De medisch adviseur verbonden aan DJI acht incidenteel verlof op medische gronden niet geïndiceerd, nu uit de overgelegde informatie niet blijkt dat de moeder van klager bekend is met ernstige gezondheidsproblematiek en derhalve niet in staat is klager te bezoeken in de inrichting.

 

3.         De beoordeling

Klager ondergaat een gevangenisstraf van zes jaren met aftrek, wegens mensenhandel en verzekeringsfraude. Hiertegen heeft klager hoger beroep ingesteld. Op 27 juni 2018 is hij in cassatie gegaan. De (fictieve) einddatum van klagers detentie is bepaald op 8 april 2021.

Op grond van artikel 25, eerste lid, van de Regeling tijdelijk verlaten van de inrichting kan incidenteel verlof worden verleend voor een bezoek aan een niet tot reizen in staat zijnde levenspartner, kind en ouder, indien deze wegens medische of psychische belemmeringen niet in staat is de inrichting te bezoeken en de gedetineerde gedurende drie maanden niet heeft kunnen ontmoeten.

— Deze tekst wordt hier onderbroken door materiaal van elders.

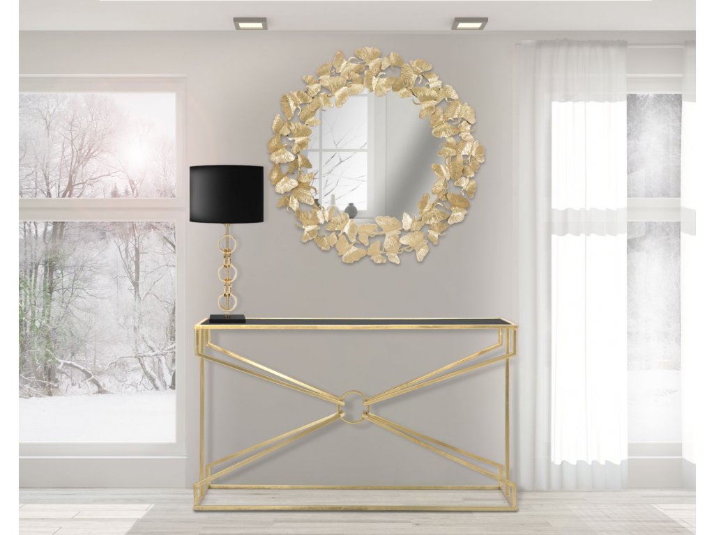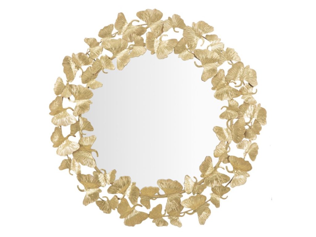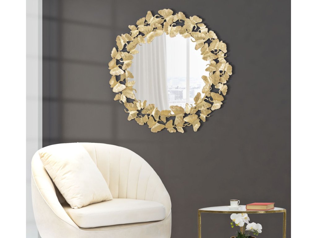 Nástěnné zrcadlo Veridas má nádherný zlatý železný rám složený z lístků, středová část je z materiálu MDF. Zrcadlo dodá vašemu domovu osobní dotek a vizuálně zvětší prostory.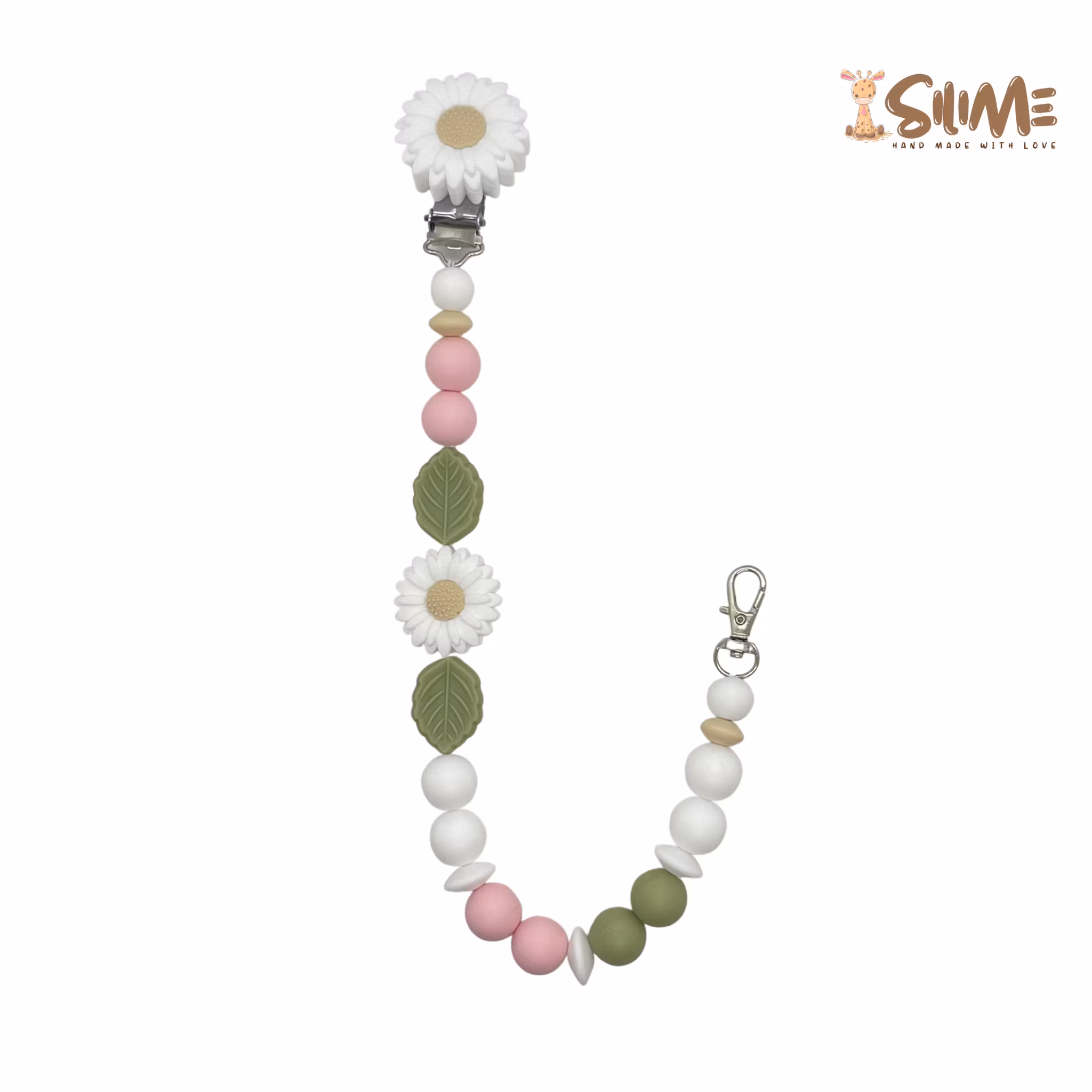 Badgehållare med silikonpärlor trädda på elastiskt band som fäster på ett clips i silikon.

Klager verzoekt om incidenteel verlof om zijn moeder te kunnen bezoeken. Volgens klager is zijn moeder niet in staat om naar de p.i. Ter Apel af te reizen. De Minister verwijst in zijn

verweerschrift naar het advies van de medisch adviseur die stelt dat uit de ontvangen informatie van de huisarts van klagers moeder van 4 mei 2018 blijkt dat de moeder van klager niet bekend is met ernstige gezondheidsproblematiek. Uit de informatie wordt niet duidelijk waarom zij niet in staat zou zijn klager te bezoeken. De medisch adviseur acht het tijdelijk verlaten van de inrichting op medische gronden momenteel niet geïndiceerd.

De beroepscommissie is van oordeel dat de Minister van voormelde verklaring, die is gebaseerd op (recente) informatie van de huisarts van de moeder van klager, heeft mogen uitgaan. De beslissing van de Minister kan derhalve bij afweging van alle in aanmerking komende belangen niet als onredelijk of onbillijk worden aangemerkt. Het beroep zal daarom ongegrond worden verklaard.

 

4.         De uitspraak

De beroepscommissie verklaart het beroep ongegrond.

 

 

 

Aldus gegeven door de beroepscommissie voornoemd, bestaande uit mr. C.M. van der Bas, voorzitter, J.G.A. van den Brand en J. Schagen MA, leden, in tegenwoordigheid van mr. R. Smeijers, secretaris, op 20 september 2018.